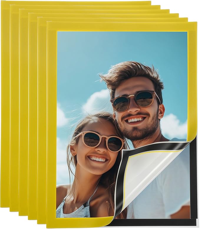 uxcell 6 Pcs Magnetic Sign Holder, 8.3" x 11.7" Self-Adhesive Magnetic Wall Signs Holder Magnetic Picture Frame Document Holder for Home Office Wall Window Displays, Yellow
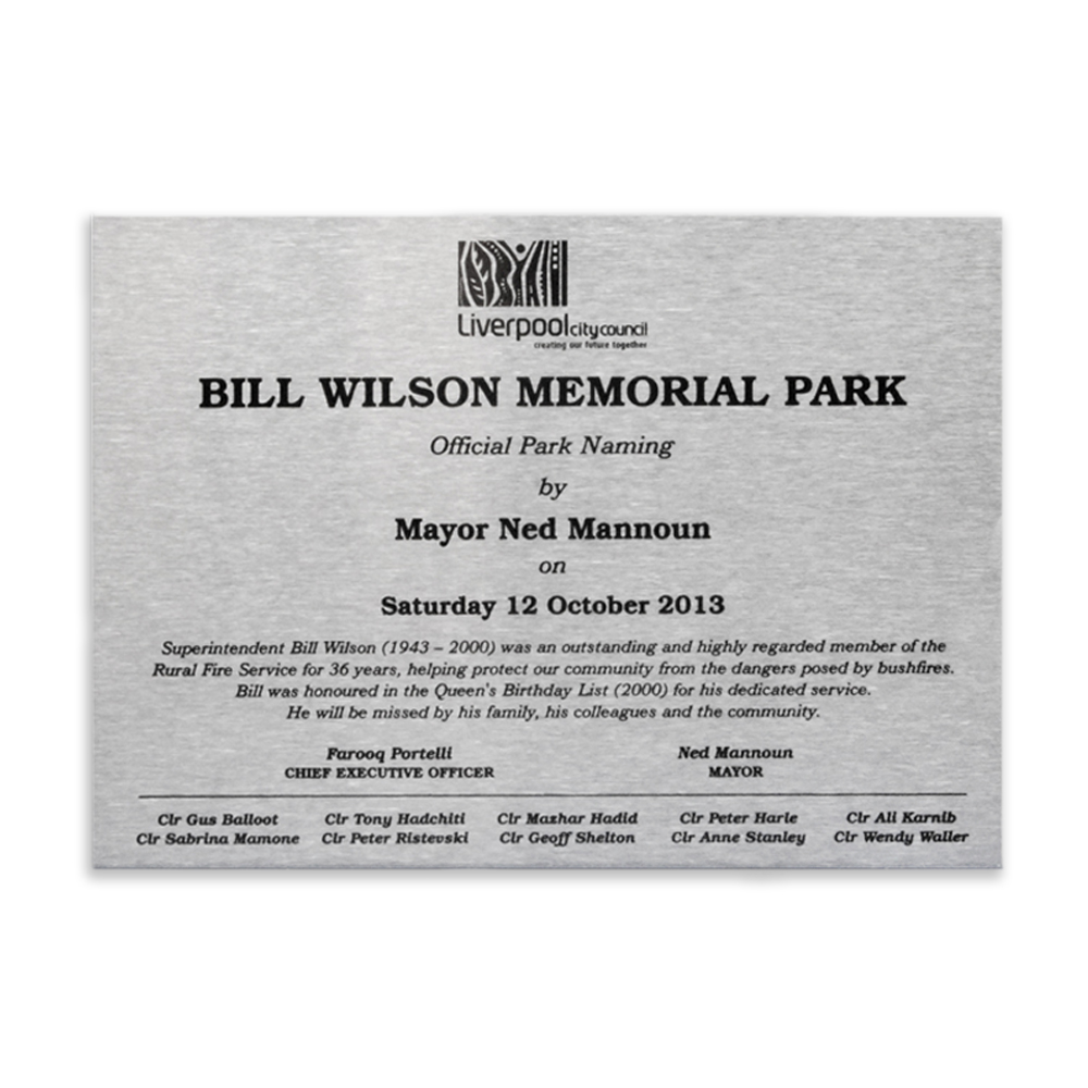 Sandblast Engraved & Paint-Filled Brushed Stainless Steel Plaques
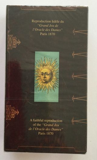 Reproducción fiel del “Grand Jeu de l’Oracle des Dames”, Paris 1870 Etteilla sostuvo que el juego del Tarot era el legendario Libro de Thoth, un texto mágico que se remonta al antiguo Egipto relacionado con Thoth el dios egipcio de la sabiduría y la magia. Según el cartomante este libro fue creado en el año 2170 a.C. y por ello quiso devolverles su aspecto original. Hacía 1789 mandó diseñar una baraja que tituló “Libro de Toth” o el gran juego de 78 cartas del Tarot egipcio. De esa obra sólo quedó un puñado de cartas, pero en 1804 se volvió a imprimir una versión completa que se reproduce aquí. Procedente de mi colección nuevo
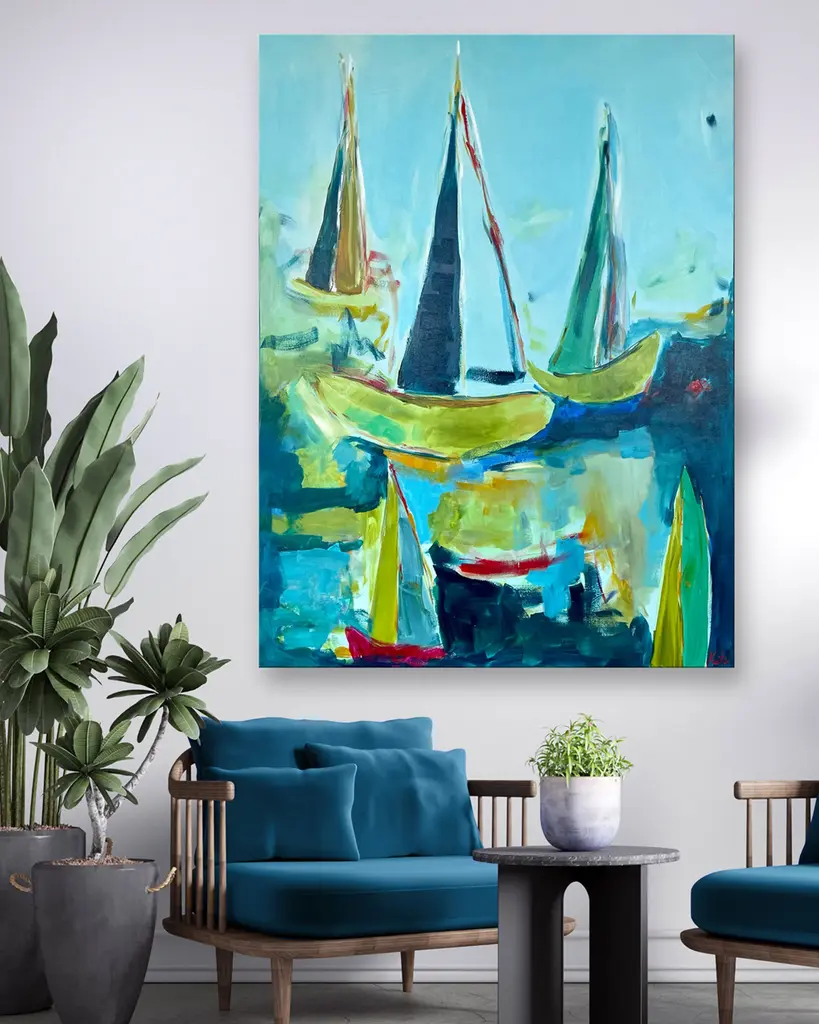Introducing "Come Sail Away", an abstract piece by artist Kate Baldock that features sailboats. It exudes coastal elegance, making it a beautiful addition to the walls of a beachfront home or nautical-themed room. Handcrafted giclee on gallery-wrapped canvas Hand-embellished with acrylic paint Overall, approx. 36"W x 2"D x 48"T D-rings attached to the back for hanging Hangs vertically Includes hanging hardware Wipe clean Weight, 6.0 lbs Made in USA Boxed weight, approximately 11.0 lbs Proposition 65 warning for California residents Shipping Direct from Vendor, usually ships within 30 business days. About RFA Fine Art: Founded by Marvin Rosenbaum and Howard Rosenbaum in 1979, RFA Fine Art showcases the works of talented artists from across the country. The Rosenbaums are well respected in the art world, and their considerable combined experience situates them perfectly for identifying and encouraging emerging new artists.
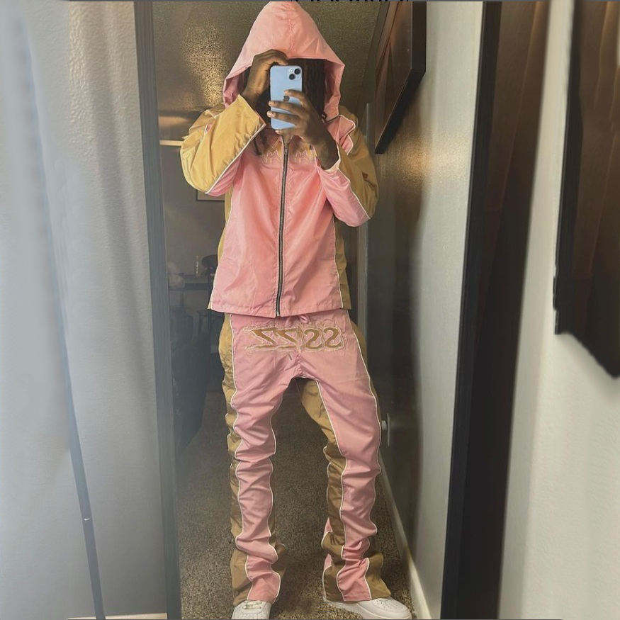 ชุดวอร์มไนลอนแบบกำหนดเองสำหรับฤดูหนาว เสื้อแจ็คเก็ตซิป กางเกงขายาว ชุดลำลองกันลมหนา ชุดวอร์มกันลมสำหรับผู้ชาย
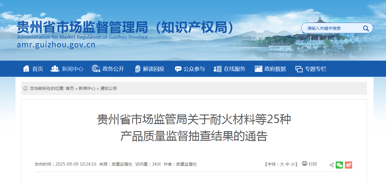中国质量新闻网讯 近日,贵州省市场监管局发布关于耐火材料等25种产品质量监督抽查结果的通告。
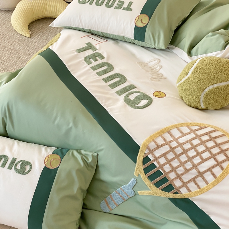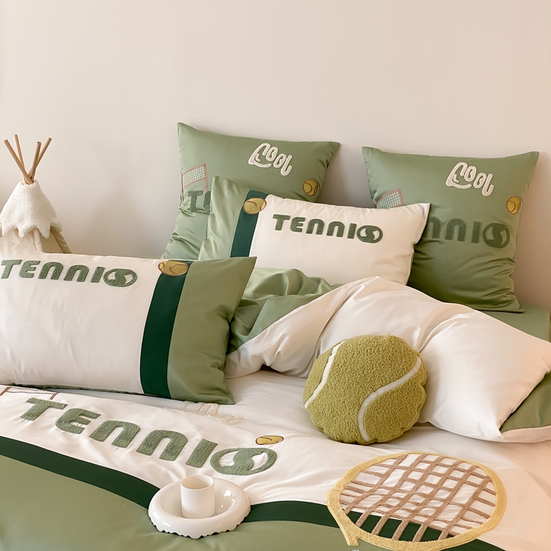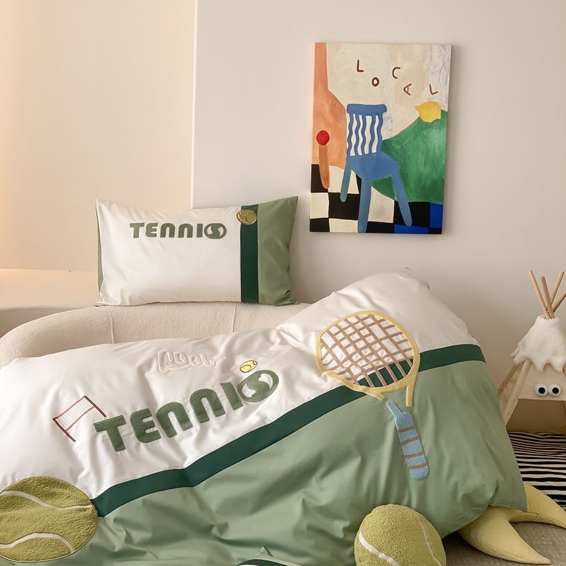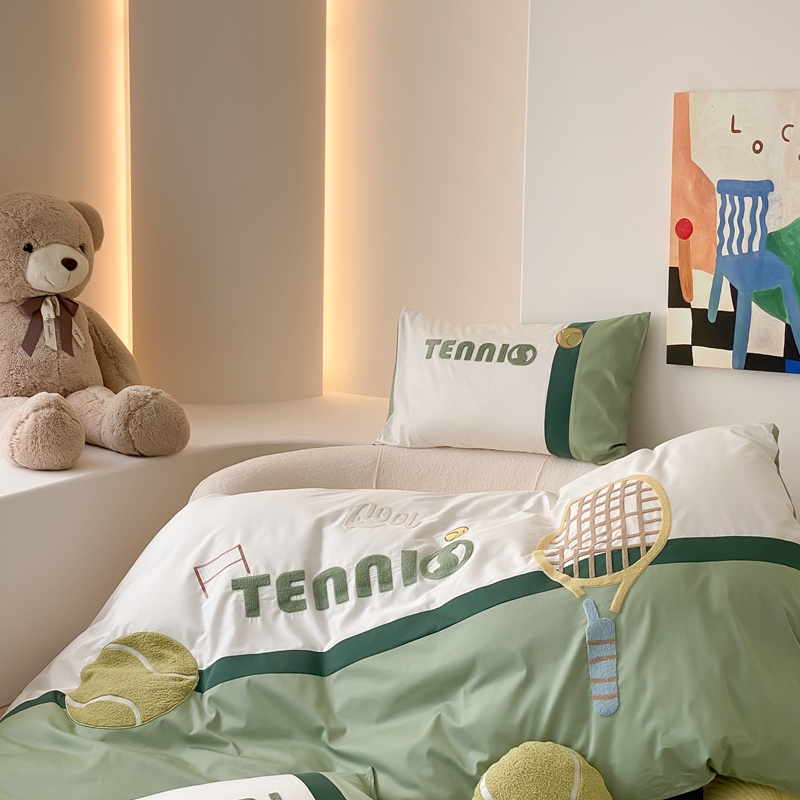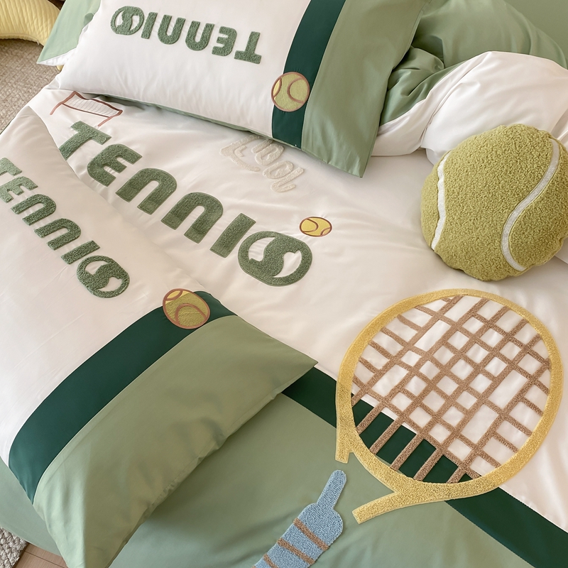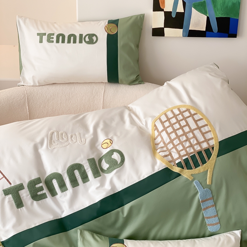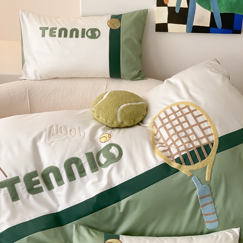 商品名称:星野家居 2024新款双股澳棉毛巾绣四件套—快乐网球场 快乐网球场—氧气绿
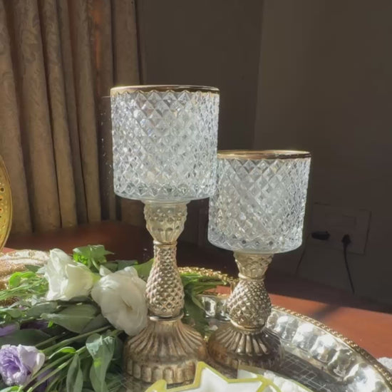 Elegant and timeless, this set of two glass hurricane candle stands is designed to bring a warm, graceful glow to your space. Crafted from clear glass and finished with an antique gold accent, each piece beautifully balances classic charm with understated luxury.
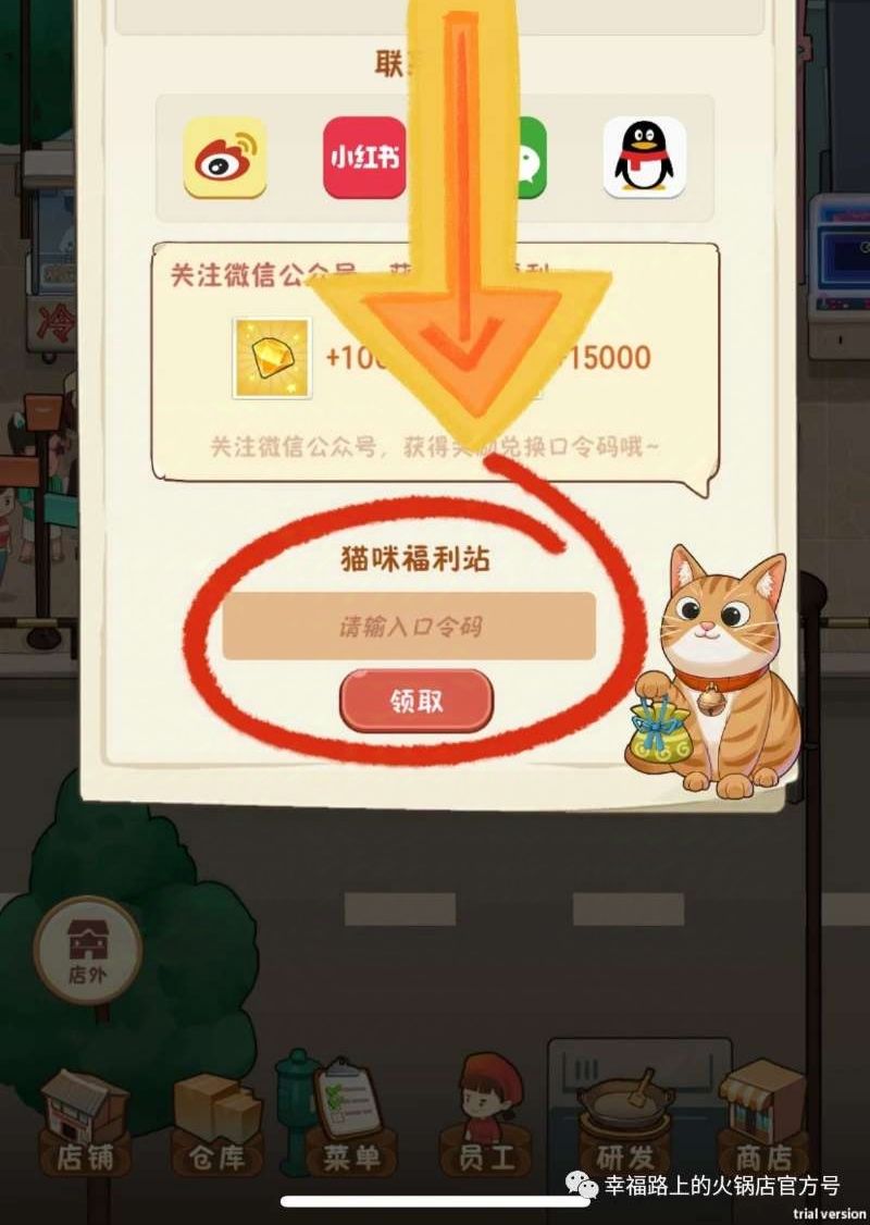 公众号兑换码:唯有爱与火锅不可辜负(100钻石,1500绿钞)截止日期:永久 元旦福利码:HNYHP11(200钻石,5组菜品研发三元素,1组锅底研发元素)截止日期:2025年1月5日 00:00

━━━━━━━━━━━━━━━━━━━━

=== PROBLEM REQUIREMENTS ===
From the line containing "商品名称:星野家居 2024新款双股澳棉毛巾绣四件套—快乐网球场 快乐网球场—氧气绿" down to the last line of the data, print every line exactly and nothing else. Pictures stay out of the copy.

=== FINISHED TASK ===
 商品名称:星野家居 2024新款双股澳棉毛巾绣四件套—快乐网球场 快乐网球场—氧气绿
 Elegant and timeless, this set of two glass hurricane candle stands is designed to bring a warm, graceful glow to your space. Crafted from clear glass and finished with an antique gold accent, each piece beautifully balances classic charm with understated luxury.
 公众号兑换码:唯有爱与火锅不可辜负(100钻石,1500绿钞)截止日期:永久 元旦福利码:HNYHP11(200钻石,5组菜品研发三元素,1组锅底研发元素)截止日期:2025年1月5日 00:00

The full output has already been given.